MANILA, Philippines — The Supreme Court (SC) has upheld the regulatory authority of the Food and Drug Administration (FDA) over tobacco products.
In its decision, the SC pointed out that “all products affecting health – including tobacco products – are within” the FDA’s jurisdiction.
“Tobacco use, as well as exposure to secondhand smoking, pose hazards that cause death and disease among people,” the SC said in its decision dated July 13, 2021, but which notice of judgment was only released on June 7.
“It is within the [FDA’s] competence and mandate ‘to ensure safety, efficacy, purity, and quality of health products which, based on the definition under the law, clearly includes tobacco products,” it also said.
“A contrary reading, in that the [FDA] could regulate cosmetics due to its effect on health but not tobacco products, would be illogical,” it added.
The SC decision affirming FDA’s regulatory authority over tobacco products stemmed from the petition for review filed by the Department of Health (DOH) and FDA in 2012.
The DOH and FDA filed the petition as it sought a review of a ruling handed down by the Regional Trial Court Branch 255 in Las Piñas City in early 2012.

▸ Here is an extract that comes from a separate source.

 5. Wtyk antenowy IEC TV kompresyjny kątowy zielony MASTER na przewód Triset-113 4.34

According to the SC, the lower court, acting on a petition filed by Philippine Tobacco Institute, Inc. (PTI), had “nullified certain provisions” of the rules and regulations of Republic Act No. 9711 or the FDA Act of 2009 concerning its regulation of tobacco products and the tobacco industry.

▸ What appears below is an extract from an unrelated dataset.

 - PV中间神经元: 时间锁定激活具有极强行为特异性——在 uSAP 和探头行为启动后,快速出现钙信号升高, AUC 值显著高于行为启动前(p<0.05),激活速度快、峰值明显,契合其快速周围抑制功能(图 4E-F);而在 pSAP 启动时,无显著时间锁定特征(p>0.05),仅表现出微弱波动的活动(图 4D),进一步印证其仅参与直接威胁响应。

The SC reversed this as it affirmed in its 2021 decision the FDA’s regulatory authority over tobacco products.
“The inclusion of tobacco products in the coverage of the Implementing Rules is not only supported by the text of the law, but also by pertinent congressional deliberations,” the SC pointed out.
The FDA’s regulatory authority over tobacco products also adheres to the country’s obligations under the WHO Framework Convention on Tobacco Control (WHO FCTC).
“The [FDA] is an attached agency of the [DOH]. As such, the regulatory authority over the health aspect of tobacco products not only falls within its mandate but more so within its competence and expertise,” the SC also said.
“Respondent (PTI), representing major transnational tobacco companies in this country, proposes an interpretation of our law that will effectively remove them from petitioners’ regulation. Its desired interpretation allows for tobacco companies to be principally regulated by the IAC [Inter-Agency Committee]-Tobacco, of which they happen to also be members. This not only leads to an absurd result, but it is also contrary to law and our international obligations,” it added.
The SC noted that the WHO FCTC “requires state parties to protect their tobacco control policymaking from tobacco industry interference.”